Togar mengakui pembukaan lahan sawit besar-besaran pada 1985-2005 menjadi awal dari deforestasi hingga akhirnya muncul moratorium yang dikeluarkan Presiden Joko Widodo.
"Kebijakan pemerintah ini membatasi partisipasi Indonesia dalam berkontribusi menyediakan permintaan minyak nabati global di masa depan," katanya.
Guru Besar Kehutanan IPB Sudarsono Sudono mengingatkan di tengah polemik kebijakan moratorium, tujuan bernegara harus diarahkan sebesar-besarnya bagi kemakmuran rakyat.
"Namun prinsip dasar supaya tercapai kemakmuran rakyat adalah bahwa instrumen yang mengatur hal itu tidak boleh mengalahkan tujuan," ujarnya.
Yuyu Rahayu, Sekretaris Direktorat Jendral Planologi Kehutanan dan Tata Lingkungan Kementerian Lingkungan Hidup dan Kehutanan menuturkan, kelapa sawit merupakan komoditas strategis bagi Indonesia, namun dengan dikeluarkannya kebijakan moratorium, hal itu akan memberikan kehidupan yang lebih baik dan menguntungkan bagi rakyat.
"Kelapa sawit pada satu sisi bisa menjadi masalah, namun pada sisi lain mendatangkan keuntungan bagi Indonesia," kata Yuyu.
Prinsip keberlajutan dalam pengelolaan sawit juga ditekankan Kepala Sekretariat Indonesian Sustainable Palm Oil (ISPO) Herdrajat Natawidjaja.
Menurutnya, prinsip keberlanjutan dari ISPO mengacu pada 7 prinsip, yaitu legalitas usaha perkebunan, manajemen perkebunan, perlindungan terhadap pemanfaatan hutan alam primer dan lahan gambut.
Kemudian peningkatan usaha secara berkelanjutan, pengeloaan dan pemantauan lingkungan, tanggung jawab terhadap pekerja, dan tanggung jawab sosial dan pemberdayaan ekonomi masyarakat.

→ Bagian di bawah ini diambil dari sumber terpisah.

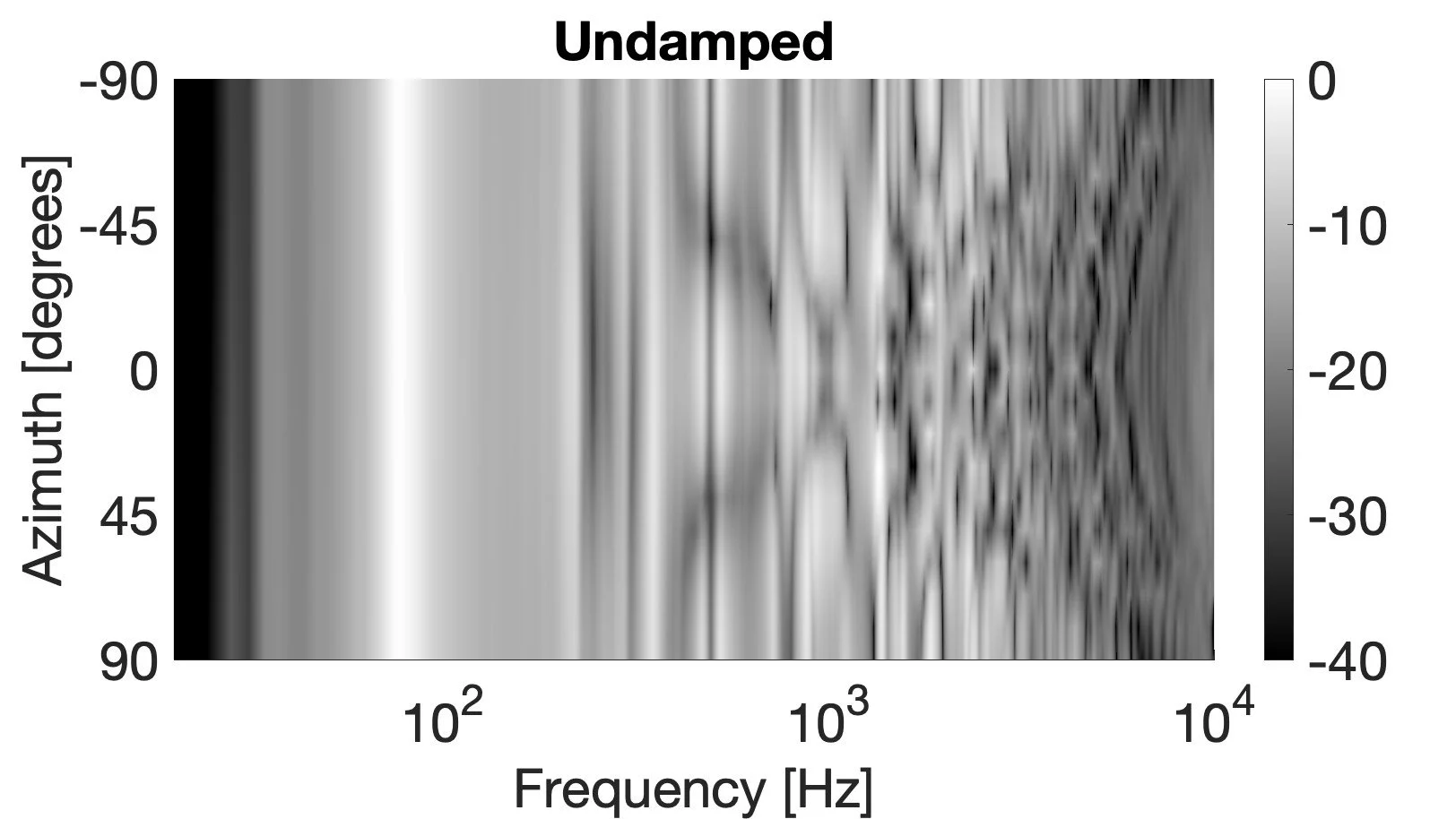 Building the panel out of a material with high damping (or introducing additional damping into the system) can help to smooth out the response of the panel. Damping is most effective at high-frequencies, where the panel has a naturally higher velocity. It is not as effective at reducing the effects of isolated low-frequency bending modes. Note that the SPL in this plots was computed from the measured acceleration of the panel via the Rayleigh Integral, and is normalized relative to the maximum sound pressure level (SPL).

"Pelaksanaan ISPO tidak mengurangi hambatan perdagangan, namun memastikan keberlanjutan pencapaian ekonomi sawit yang lebih baik. Memproduksi minyak sawit yang telah memiliki sertifikat ISP akan mengurangi deforestasi dan memperbaiki kondisi lingkungan,"ujarnya.